**Task item**
Transcribe every entry word for word, but skip the images.

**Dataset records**
########################################

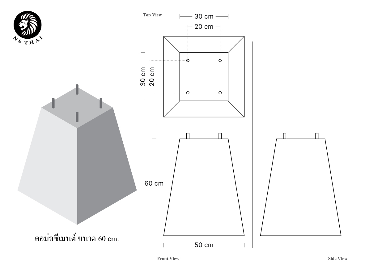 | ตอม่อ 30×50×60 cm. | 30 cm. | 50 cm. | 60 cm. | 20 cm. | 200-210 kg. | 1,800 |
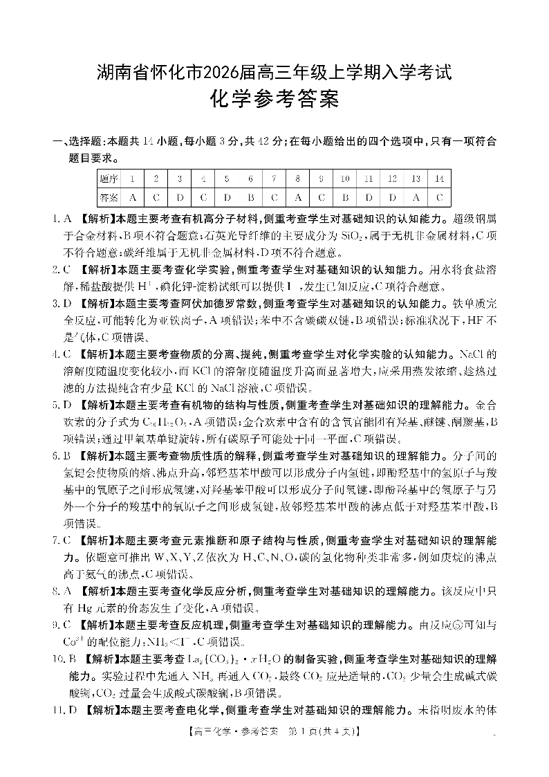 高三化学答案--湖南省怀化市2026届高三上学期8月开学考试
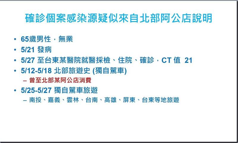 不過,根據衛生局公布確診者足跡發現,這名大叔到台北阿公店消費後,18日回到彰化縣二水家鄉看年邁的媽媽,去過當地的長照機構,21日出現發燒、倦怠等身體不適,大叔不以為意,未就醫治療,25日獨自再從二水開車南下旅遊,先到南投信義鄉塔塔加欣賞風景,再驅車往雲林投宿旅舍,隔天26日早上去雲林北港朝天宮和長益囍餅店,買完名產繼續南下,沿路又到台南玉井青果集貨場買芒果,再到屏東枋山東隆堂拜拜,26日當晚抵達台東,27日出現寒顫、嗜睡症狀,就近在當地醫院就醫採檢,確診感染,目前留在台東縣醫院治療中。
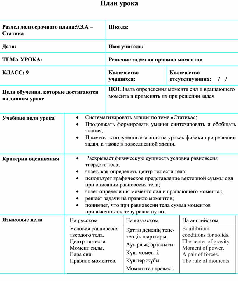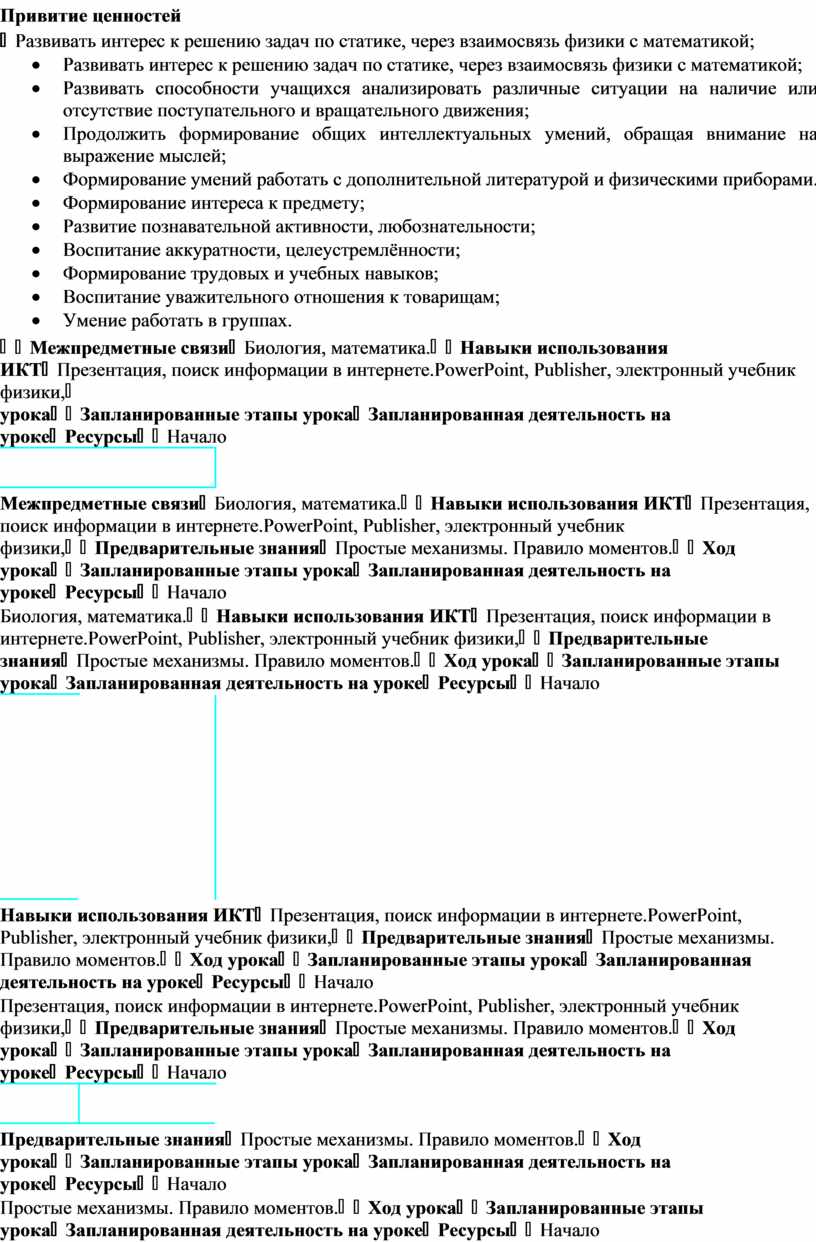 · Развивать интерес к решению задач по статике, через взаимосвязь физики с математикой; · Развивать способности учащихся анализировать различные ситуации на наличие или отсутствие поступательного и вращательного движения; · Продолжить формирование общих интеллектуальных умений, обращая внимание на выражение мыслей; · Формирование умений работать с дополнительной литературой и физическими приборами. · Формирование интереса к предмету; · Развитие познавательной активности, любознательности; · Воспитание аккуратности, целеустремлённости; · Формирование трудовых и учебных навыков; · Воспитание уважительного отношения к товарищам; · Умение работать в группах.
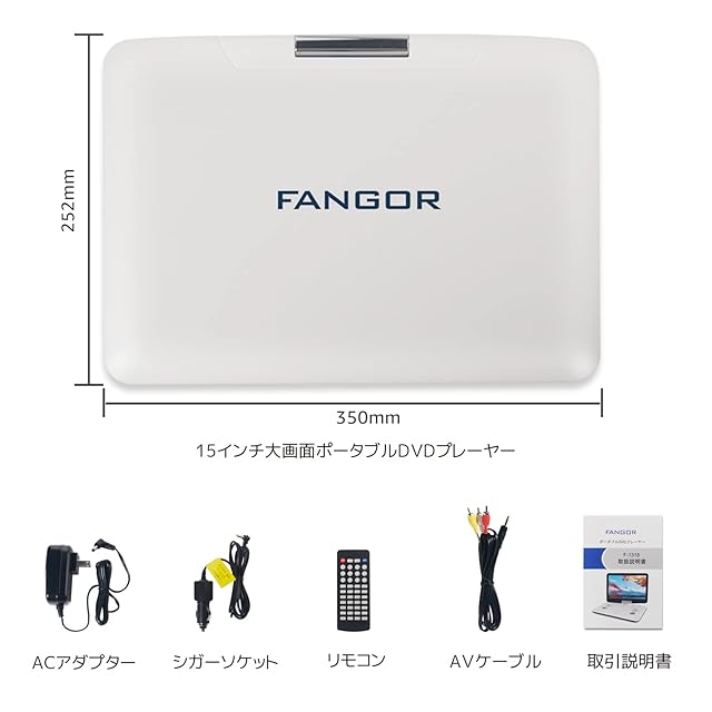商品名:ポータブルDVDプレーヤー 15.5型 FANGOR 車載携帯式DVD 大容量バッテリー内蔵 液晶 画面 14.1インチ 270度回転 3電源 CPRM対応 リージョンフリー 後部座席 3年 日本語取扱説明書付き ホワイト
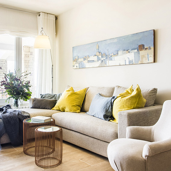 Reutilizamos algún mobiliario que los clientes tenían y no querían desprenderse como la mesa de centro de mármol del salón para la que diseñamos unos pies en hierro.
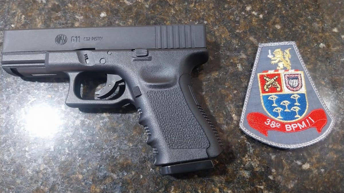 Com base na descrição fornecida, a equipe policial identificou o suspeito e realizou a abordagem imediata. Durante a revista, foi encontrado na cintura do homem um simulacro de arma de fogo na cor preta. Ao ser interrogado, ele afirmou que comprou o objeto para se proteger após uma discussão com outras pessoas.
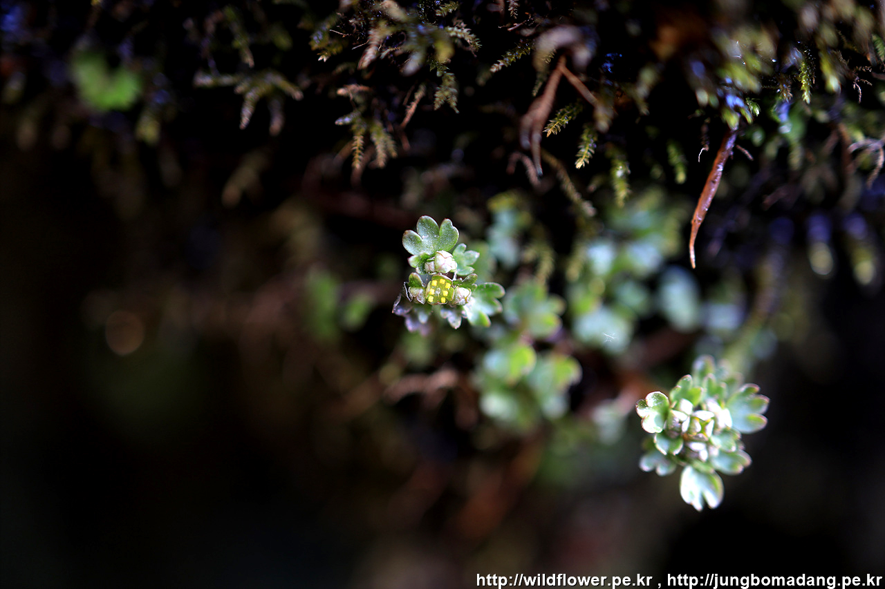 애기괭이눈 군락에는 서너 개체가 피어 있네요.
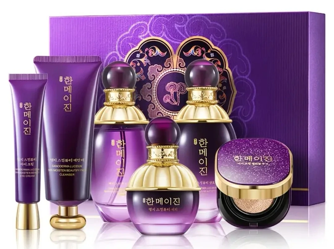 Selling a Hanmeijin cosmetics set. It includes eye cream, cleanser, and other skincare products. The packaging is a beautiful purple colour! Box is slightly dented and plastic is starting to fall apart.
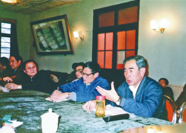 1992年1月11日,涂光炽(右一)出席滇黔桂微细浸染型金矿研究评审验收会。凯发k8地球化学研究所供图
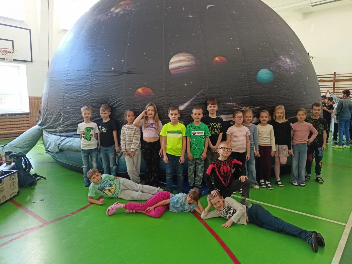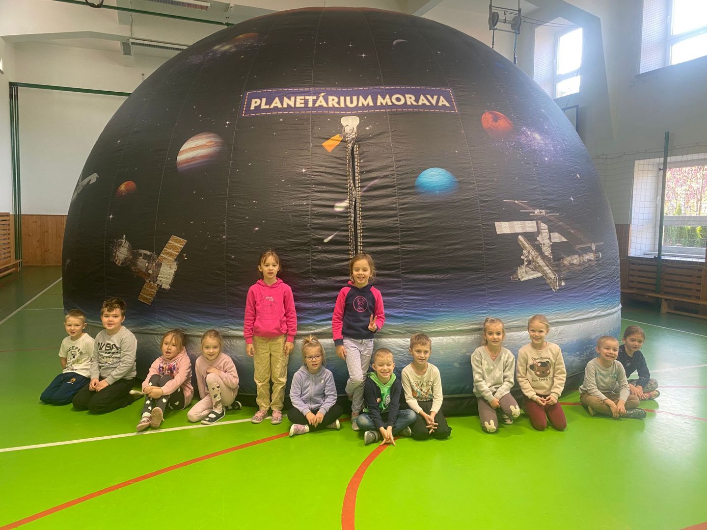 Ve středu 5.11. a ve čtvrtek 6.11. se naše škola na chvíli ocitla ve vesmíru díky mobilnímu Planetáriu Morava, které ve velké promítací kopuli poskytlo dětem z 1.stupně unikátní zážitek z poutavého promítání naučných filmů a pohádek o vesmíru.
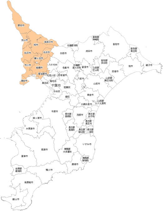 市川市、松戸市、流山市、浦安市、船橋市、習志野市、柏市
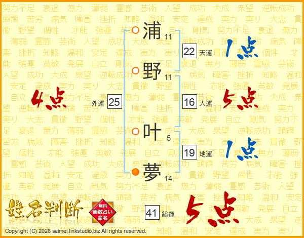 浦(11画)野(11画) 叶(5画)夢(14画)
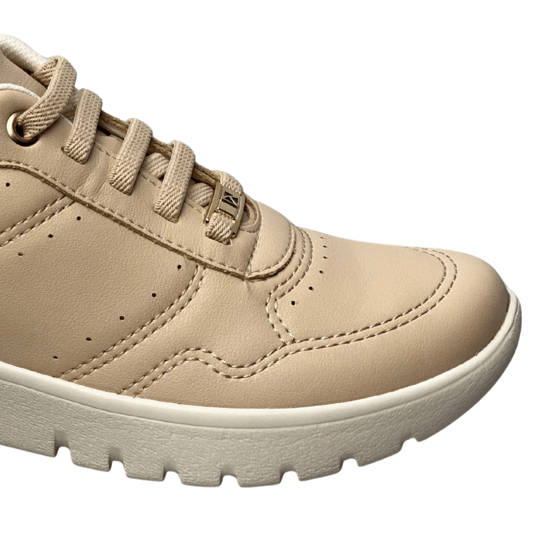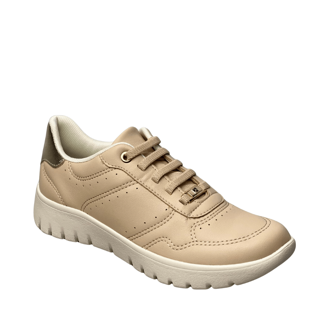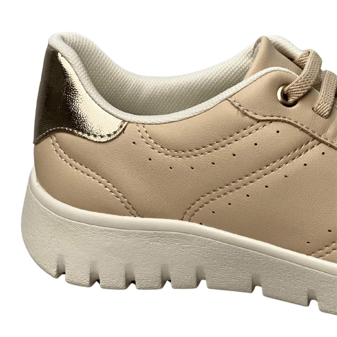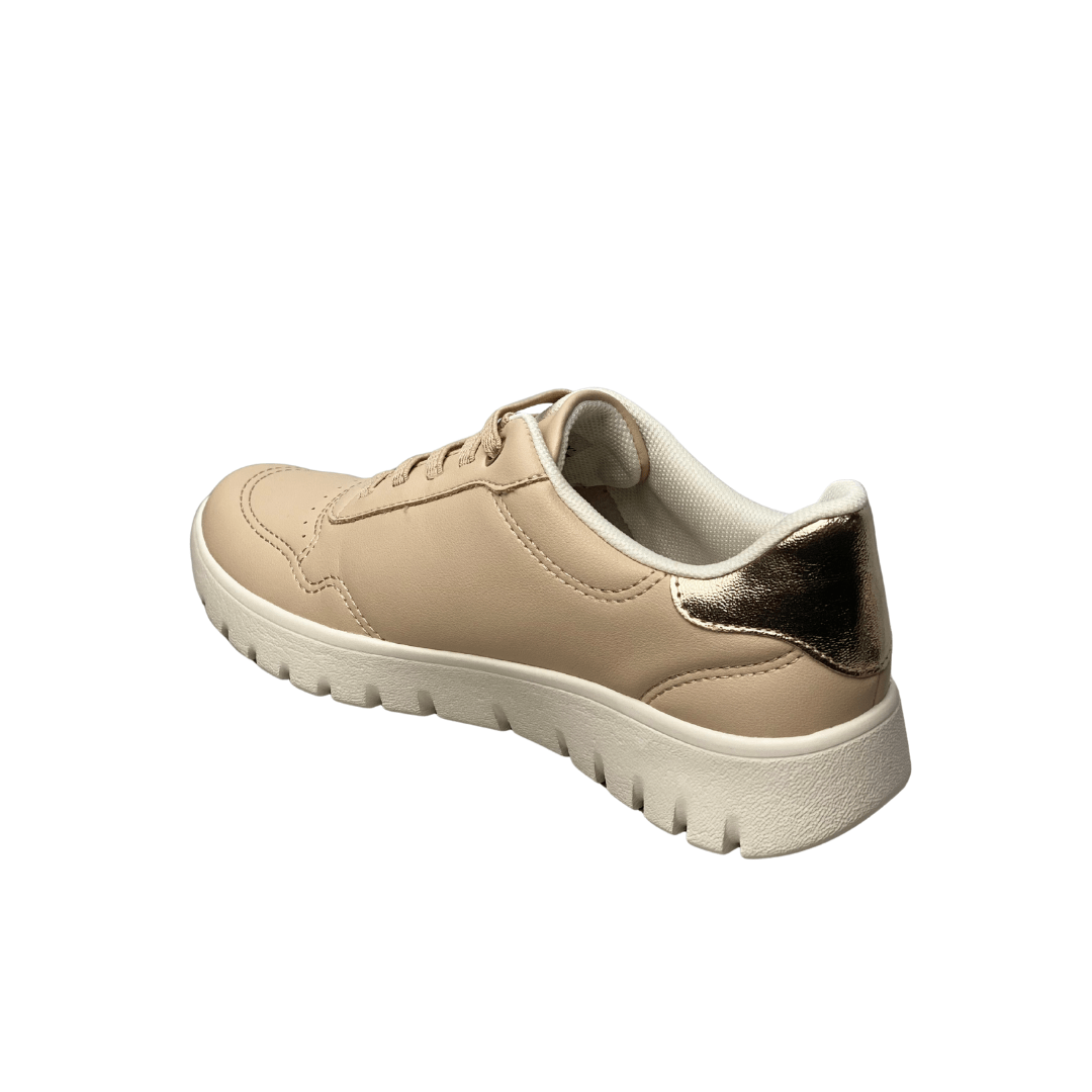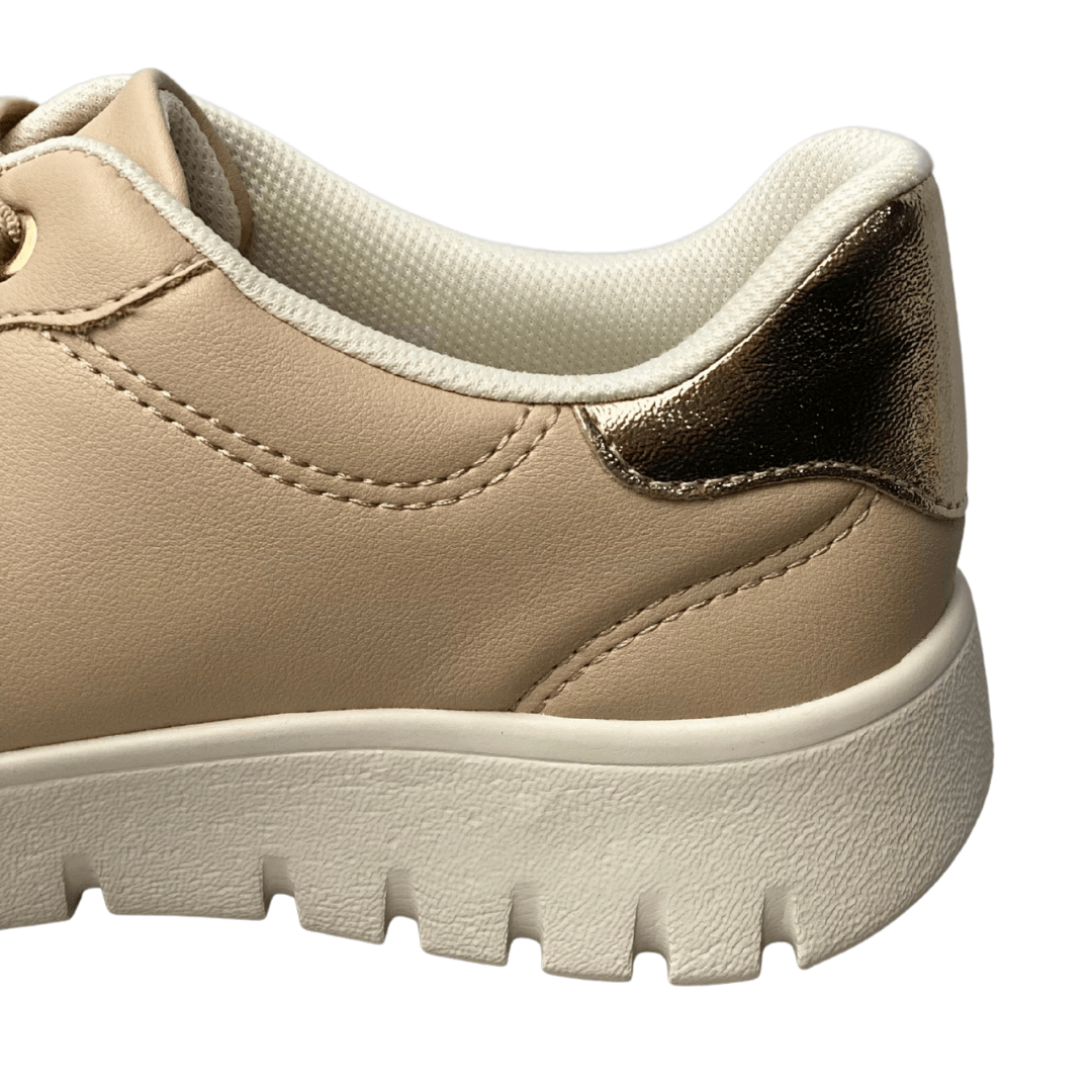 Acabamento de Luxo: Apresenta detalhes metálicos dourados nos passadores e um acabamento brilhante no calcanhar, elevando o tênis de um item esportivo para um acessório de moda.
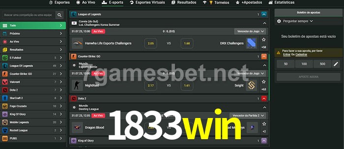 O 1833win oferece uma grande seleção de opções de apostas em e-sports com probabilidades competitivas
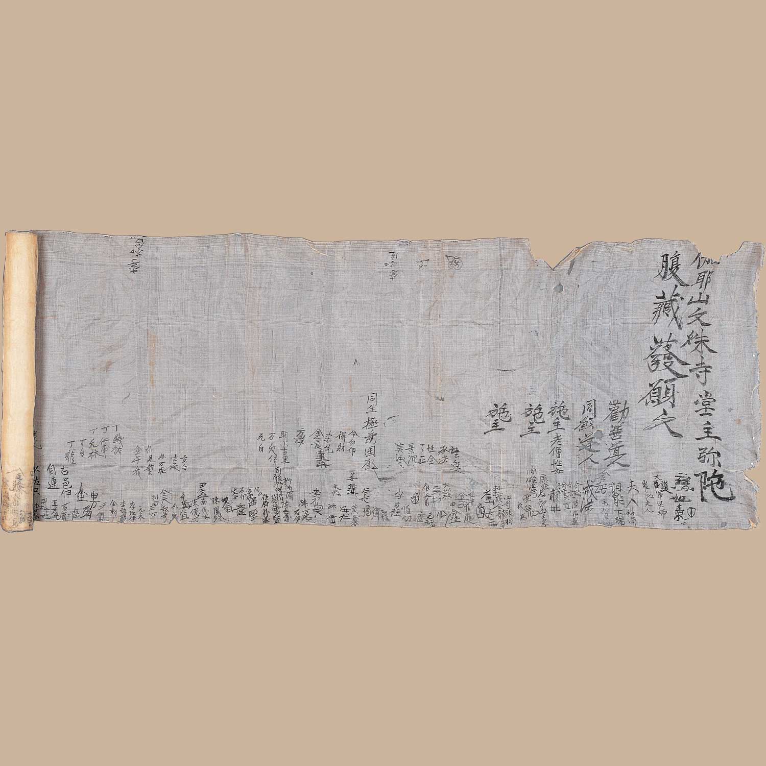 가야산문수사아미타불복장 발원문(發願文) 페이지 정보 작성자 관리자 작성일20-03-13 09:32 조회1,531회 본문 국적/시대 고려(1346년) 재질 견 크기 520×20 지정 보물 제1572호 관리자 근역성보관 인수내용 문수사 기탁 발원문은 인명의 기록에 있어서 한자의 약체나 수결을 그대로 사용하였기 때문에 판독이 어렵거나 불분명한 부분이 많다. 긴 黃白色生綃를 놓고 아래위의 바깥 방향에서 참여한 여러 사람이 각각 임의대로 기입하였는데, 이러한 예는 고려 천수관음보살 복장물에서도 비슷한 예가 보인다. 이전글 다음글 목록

########################################

**Result below**
 | ตอม่อ 30×50×60 cm. | 30 cm. | 50 cm. | 60 cm. | 20 cm. | 200-210 kg. | 1,800 |
 高三化学答案--湖南省怀化市2026届高三上学期8月开学考试
 不過,根據衛生局公布確診者足跡發現,這名大叔到台北阿公店消費後,18日回到彰化縣二水家鄉看年邁的媽媽,去過當地的長照機構,21日出現發燒、倦怠等身體不適,大叔不以為意,未就醫治療,25日獨自再從二水開車南下旅遊,先到南投信義鄉塔塔加欣賞風景,再驅車往雲林投宿旅舍,隔天26日早上去雲林北港朝天宮和長益囍餅店,買完名產繼續南下,沿路又到台南玉井青果集貨場買芒果,再到屏東枋山東隆堂拜拜,26日當晚抵達台東,27日出現寒顫、嗜睡症狀,就近在當地醫院就醫採檢,確診感染,目前留在台東縣醫院治療中。
 · Развивать интерес к решению задач по статике, через взаимосвязь физики с математикой; · Развивать способности учащихся анализировать различные ситуации на наличие или отсутствие поступательного и вращательного движения; · Продолжить формирование общих интеллектуальных умений, обращая внимание на выражение мыслей; · Формирование умений работать с дополнительной литературой и физическими приборами. · Формирование интереса к предмету; · Развитие познавательной активности, любознательности; · Воспитание аккуратности, целеустремлённости; · Формирование трудовых и учебных навыков; · Воспитание уважительного отношения к товарищам; · Умение работать в группах.
商品名:ポータブルDVDプレーヤー 15.5型 FANGOR 車載携帯式DVD 大容量バッテリー内蔵 液晶 画面 14.1インチ 270度回転 3電源 CPRM対応 リージョンフリー 後部座席 3年 日本語取扱説明書付き ホワイト
 Reutilizamos algún mobiliario que los clientes tenían y no querían desprenderse como la mesa de centro de mármol del salón para la que diseñamos unos pies en hierro.
 Com base na descrição fornecida, a equipe policial identificou o suspeito e realizou a abordagem imediata. Durante a revista, foi encontrado na cintura do homem um simulacro de arma de fogo na cor preta. Ao ser interrogado, ele afirmou que comprou o objeto para se proteger após uma discussão com outras pessoas.
 애기괭이눈 군락에는 서너 개체가 피어 있네요.
 Selling a Hanmeijin cosmetics set. It includes eye cream, cleanser, and other skincare products. The packaging is a beautiful purple colour! Box is slightly dented and plastic is starting to fall apart.
 1992年1月11日,涂光炽(右一)出席滇黔桂微细浸染型金矿研究评审验收会。凯发k8地球化学研究所供图
 Ve středu 5.11. a ve čtvrtek 6.11. se naše škola na chvíli ocitla ve vesmíru díky mobilnímu Planetáriu Morava, které ve velké promítací kopuli poskytlo dětem z 1.stupně unikátní zážitek z poutavého promítání naučných filmů a pohádek o vesmíru.
 市川市、松戸市、流山市、浦安市、船橋市、習志野市、柏市
 浦(11画)野(11画) 叶(5画)夢(14画)
 Acabamento de Luxo: Apresenta detalhes metálicos dourados nos passadores e um acabamento brilhante no calcanhar, elevando o tênis de um item esportivo para um acessório de moda.
 O 1833win oferece uma grande seleção de opções de apostas em e-sports com probabilidades competitivas
 가야산문수사아미타불복장 발원문(發願文) 페이지 정보 작성자 관리자 작성일20-03-13 09:32 조회1,531회 본문 국적/시대 고려(1346년) 재질 견 크기 520×20 지정 보물 제1572호 관리자 근역성보관 인수내용 문수사 기탁 발원문은 인명의 기록에 있어서 한자의 약체나 수결을 그대로 사용하였기 때문에 판독이 어렵거나 불분명한 부분이 많다. 긴 黃白色生綃를 놓고 아래위의 바깥 방향에서 참여한 여러 사람이 각각 임의대로 기입하였는데, 이러한 예는 고려 천수관음보살 복장물에서도 비슷한 예가 보인다. 이전글 다음글 목록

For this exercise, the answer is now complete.